I had gotten it down to about 9k in 2017. I was on track to pay it all off, right up until Doug got laid off from his first job down here. We slowly ran that up again. Not all the way to the limit, but it was used. 

Gotta buy groceries, put gas in the car, feed that boy...all that happy horseshit. 

After his layoff, he worked for a while doing healthcare record audits, so they sent him all over the place. The only problem with that job was he had to buy all of his tickets, hotel, everything on his own dime and then get reimbursed. Doug would get his reimbursement for the trip, book the next trip with the card, we'd keep the money it in the Checking account for groceries and all that, and pay the minimum due on the credit card. Because the Credit card was the only thing hotels or rental cars would accept, he couldn't use the bank card we'd been using which was attached to our checking account. 

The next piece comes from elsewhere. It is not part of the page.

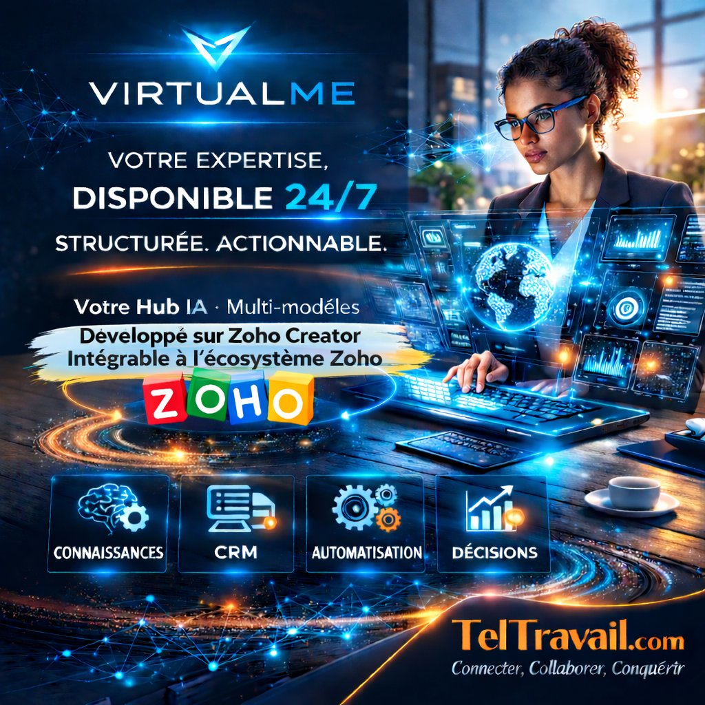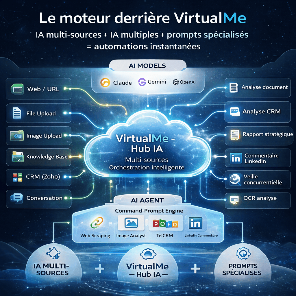 VirtualMe est une plateforme d’intelligence artificielle multi-agents conçue pour fonctionner autonome ou intégrée à votre écosystème Zoho.

Things were balance and equilibrium, steady on, and then Doug got his job that he has now. Finances started to get better. We'd have 5-7k in the bank at a stretch. Hell yeah. We bought a car with cash, (not a lot -3k) because Doug refuses to get a car loan anywhere. "No bank is going to make a penny of interest off of me" says the man who got financially ruined by A Certain Bank. 

And I have to agree. 

We'd go to Massachusetts or New York. We would comfortably order dinner and not worry. Guster Tickets and the like. And I was happy with 5k in the bank, but realizing if he got laid off again, or if I got laid off, we'd start the cycle all over. 

Then the pandemic came to visit. With no travel, no fun, since December 2019 really, we've just been pulling down money. And we have been a lot healthier financially.

I have been throwing 800 bucks a month at that one credit card (minimum payment expected? 350.00.... ) this last year. We are back down to about 8,000 bucks, and today while I was looking at the account and setting up the online payment, I said "why the hell should I take 10 months plus probably another month with the (relatively small) interest charges to finish paying this off? I should just do it." 

I pointed this out to Doug and he agreed. Just do it. 

It felt wild to do, but, I paid it off almost in full. The system wouldn't let me pay 100% of the balance because math and computers and weekends and stuff. The payment will go through probably Monday, and then I can then pay it off in full the following day. 

And for the first time since about 1987 when I got my first credit card through BayBank in college (and I bought a scarf and an , I will have no credit card debt at all. Read that again. None. Zilch. Nada. Zero. Done. 

That 800 a month I've been throwing there I can shift into a savings account. I can just let it all pile up like Daffy Duck and I can scream I'm rich! I'm comfortably well off! 



I'll be reaching out to my local bank to set up that savings account next week. 

It's a nice feeling to not have to think about this like I have had to for so long.